Further, Clone pointed out, Players had also submitted in para [18] of their primary submissions that it was clear from Blue J’s judgment (with which Stanley J relevantly agreed) that he considered that both Mr Griffin’s and Mr McDermott’s cross-examinations had effectively “miscarried” and they had submitted in para [19] that Senior Counsel had mislead Vanstone J with his submissions which in effect expressly denied the existence of the hotel licence copy of the agreement to lease.
In my view giving effect to what Players seek would not merely apply what were asserted to be binding extant factual findings, but rather it would require express findings, made on the taxation, that such existing findings had a more expansive operation and effect. This would go beyond the scope of the evidence at trial. No such finding could now be made.
Clone further argued that it would be unsafe on the taxation, even as a matter of discretion, to bring to account the findings made by Hargrave AJ or the majority (Blue and Stanley JJ) of the Full Court in Clone Pty Ltd v Players Pty Ltd (in liq) [2016] SASCFC 134. This was because there was no clear and consistent set of reasons. Each of Hargrave AJ, Blue and Stanley JJ had reached their conclusions differently. Because these findings were found by the High Court at the conclusion of its reasons at [69], to be in furtherance of an incorrect legal test, Clone submitted, their whole foundation and basis was undermined, so placing any reliance on them would be unsafe and inappropriate.
Players on the other hand submitted that this was an utterly disingenuous argument, as the Judges below had applied the legal test which Clone had itself submitted that they should apply, and it was only when Clone had appealed to the High Court that it had changed its case as to the form of the correct legal test. None of this, Players submitted, undermined the applicability to the case of the findings made by Hargrave AJ and the 2016 Full Court, which remained undisturbed by the High Court. The High Court had held that the findings of serious malpractice were not sufficient to set aside a perfected judgment, because actual fraud was required for that purpose and serious malpractice was not enough.

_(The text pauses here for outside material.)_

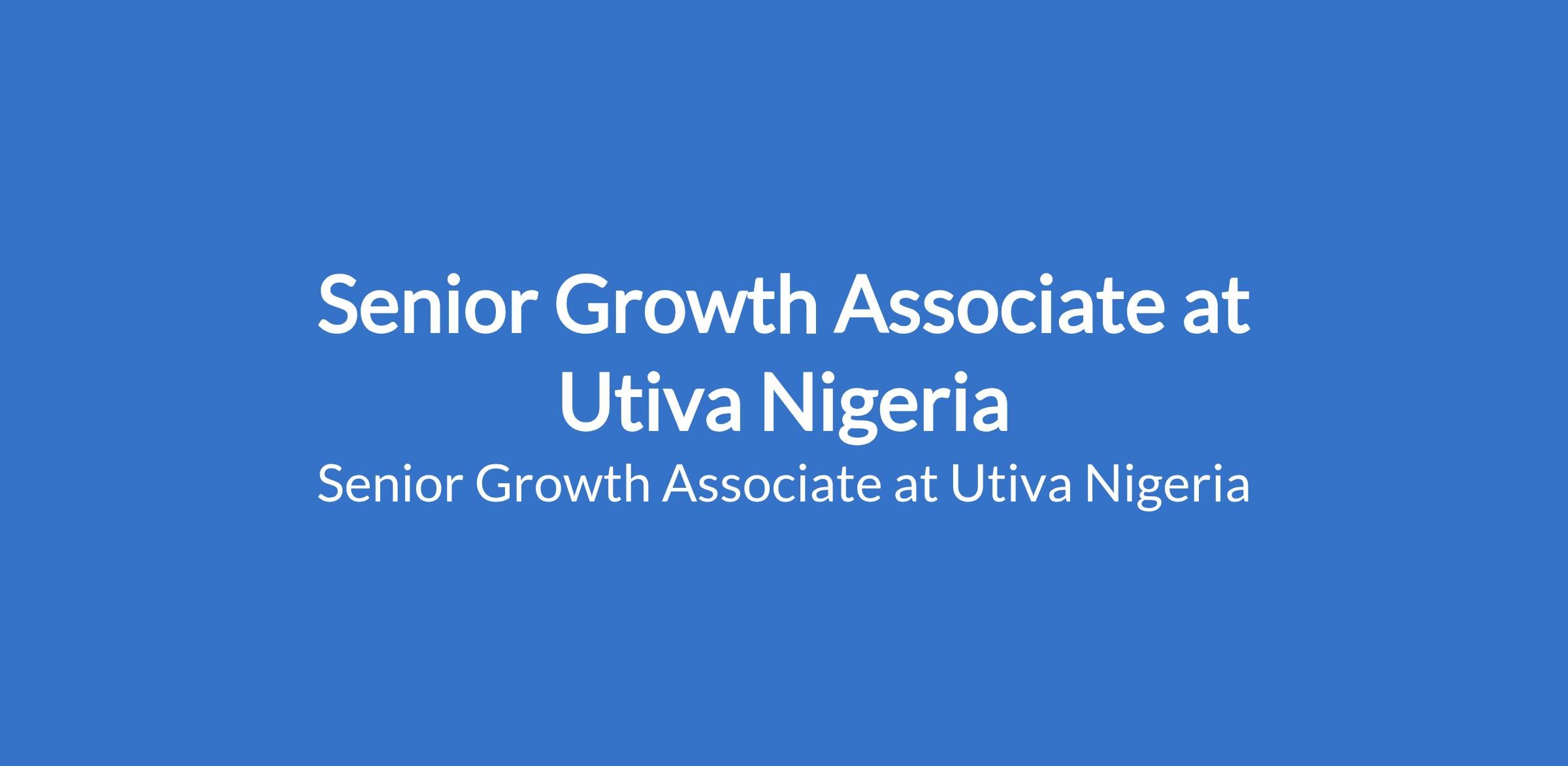 Utiva Nigeria is recruiting to fill the position of: Senior Growth Associate. The position is located in Ojodu Berger, Lagos State. Salary: N150,000 monthly. Interested candidates should possess relevant qualifications with a minimum of 2 years sales experience.

Notwithstanding Players’ contentions, in my view there could well be a need for fresh findings to be made in the circumstances, even if this merely involved examining nuances of their Honours’ respective reasons.
This would be a wholly inappropriate exercise on the taxation.
For the above reasons, I dismiss Players’ application to disallow certain discrete items of Clone’s Counsel fees based on the “serious malpractice” issue.
I will hear submissions from the parties as to the costs of this aspect of the taxation.
Orders
1.I dismiss Players’ application to disallow certain discrete items of Clone’s Counsel fees based on the “serious malpractice” issue.
2.I will hear submissions from the parties as to the costs of this aspect of the taxation.